What the task requires>
Copy out exactly the lines below that run from the one holding "Transform your interiors" to the one holding "- token 只会显示这一次,之后将无法查看,所以务必保证你已经记录下了", keeping both of those lines and no others.

Supplied records>

■ ■ ■ ■ ■

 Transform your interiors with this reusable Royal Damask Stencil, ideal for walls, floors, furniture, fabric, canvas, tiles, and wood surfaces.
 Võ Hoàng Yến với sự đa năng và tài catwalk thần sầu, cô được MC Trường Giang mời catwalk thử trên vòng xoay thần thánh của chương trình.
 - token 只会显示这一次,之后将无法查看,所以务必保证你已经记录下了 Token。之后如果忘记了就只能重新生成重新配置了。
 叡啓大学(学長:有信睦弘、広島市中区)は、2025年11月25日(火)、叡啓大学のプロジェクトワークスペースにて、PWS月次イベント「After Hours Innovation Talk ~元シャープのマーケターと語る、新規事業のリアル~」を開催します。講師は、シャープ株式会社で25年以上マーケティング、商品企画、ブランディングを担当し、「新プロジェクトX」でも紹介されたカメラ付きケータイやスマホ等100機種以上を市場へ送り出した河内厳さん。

■ ■ ■ ■ ■

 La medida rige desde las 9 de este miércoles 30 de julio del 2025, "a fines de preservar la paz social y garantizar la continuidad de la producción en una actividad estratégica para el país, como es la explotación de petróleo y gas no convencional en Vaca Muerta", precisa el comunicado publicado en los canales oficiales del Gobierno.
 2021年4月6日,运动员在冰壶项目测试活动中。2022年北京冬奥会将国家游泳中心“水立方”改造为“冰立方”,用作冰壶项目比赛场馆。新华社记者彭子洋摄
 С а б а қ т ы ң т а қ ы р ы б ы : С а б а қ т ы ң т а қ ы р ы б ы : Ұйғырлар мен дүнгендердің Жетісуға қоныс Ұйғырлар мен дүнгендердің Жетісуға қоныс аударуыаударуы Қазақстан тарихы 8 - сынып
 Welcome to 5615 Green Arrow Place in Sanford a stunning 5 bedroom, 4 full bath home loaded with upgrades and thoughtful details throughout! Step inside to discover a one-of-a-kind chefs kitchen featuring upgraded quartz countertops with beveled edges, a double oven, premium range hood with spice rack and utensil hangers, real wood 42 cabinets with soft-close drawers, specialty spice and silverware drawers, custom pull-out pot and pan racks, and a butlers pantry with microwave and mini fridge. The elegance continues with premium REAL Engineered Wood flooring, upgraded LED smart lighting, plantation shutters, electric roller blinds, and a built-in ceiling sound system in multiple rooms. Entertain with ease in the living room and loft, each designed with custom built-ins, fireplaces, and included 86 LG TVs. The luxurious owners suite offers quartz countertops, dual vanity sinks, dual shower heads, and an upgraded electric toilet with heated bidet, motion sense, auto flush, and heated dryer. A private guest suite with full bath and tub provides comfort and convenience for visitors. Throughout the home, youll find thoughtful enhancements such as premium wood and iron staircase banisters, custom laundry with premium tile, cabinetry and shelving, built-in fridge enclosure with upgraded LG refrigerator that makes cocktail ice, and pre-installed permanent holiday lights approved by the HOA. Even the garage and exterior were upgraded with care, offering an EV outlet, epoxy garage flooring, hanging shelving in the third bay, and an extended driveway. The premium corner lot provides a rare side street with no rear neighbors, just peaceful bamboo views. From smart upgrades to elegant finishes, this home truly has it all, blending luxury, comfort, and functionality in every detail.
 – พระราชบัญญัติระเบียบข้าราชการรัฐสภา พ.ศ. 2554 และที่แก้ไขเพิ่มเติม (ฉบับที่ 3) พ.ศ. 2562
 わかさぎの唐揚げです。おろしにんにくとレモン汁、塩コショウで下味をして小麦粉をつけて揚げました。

■ ■ ■ ■ ■

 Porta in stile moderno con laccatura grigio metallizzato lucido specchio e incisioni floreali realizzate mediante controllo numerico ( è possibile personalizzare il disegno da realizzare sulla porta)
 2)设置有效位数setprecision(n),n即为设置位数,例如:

■ ■ ■ ■ ■

Written reply>
 Transform your interiors with this reusable Royal Damask Stencil, ideal for walls, floors, furniture, fabric, canvas, tiles, and wood surfaces.
 Võ Hoàng Yến với sự đa năng và tài catwalk thần sầu, cô được MC Trường Giang mời catwalk thử trên vòng xoay thần thánh của chương trình.
 - token 只会显示这一次,之后将无法查看,所以务必保证你已经记录下了 Token。之后如果忘记了就只能重新生成重新配置了。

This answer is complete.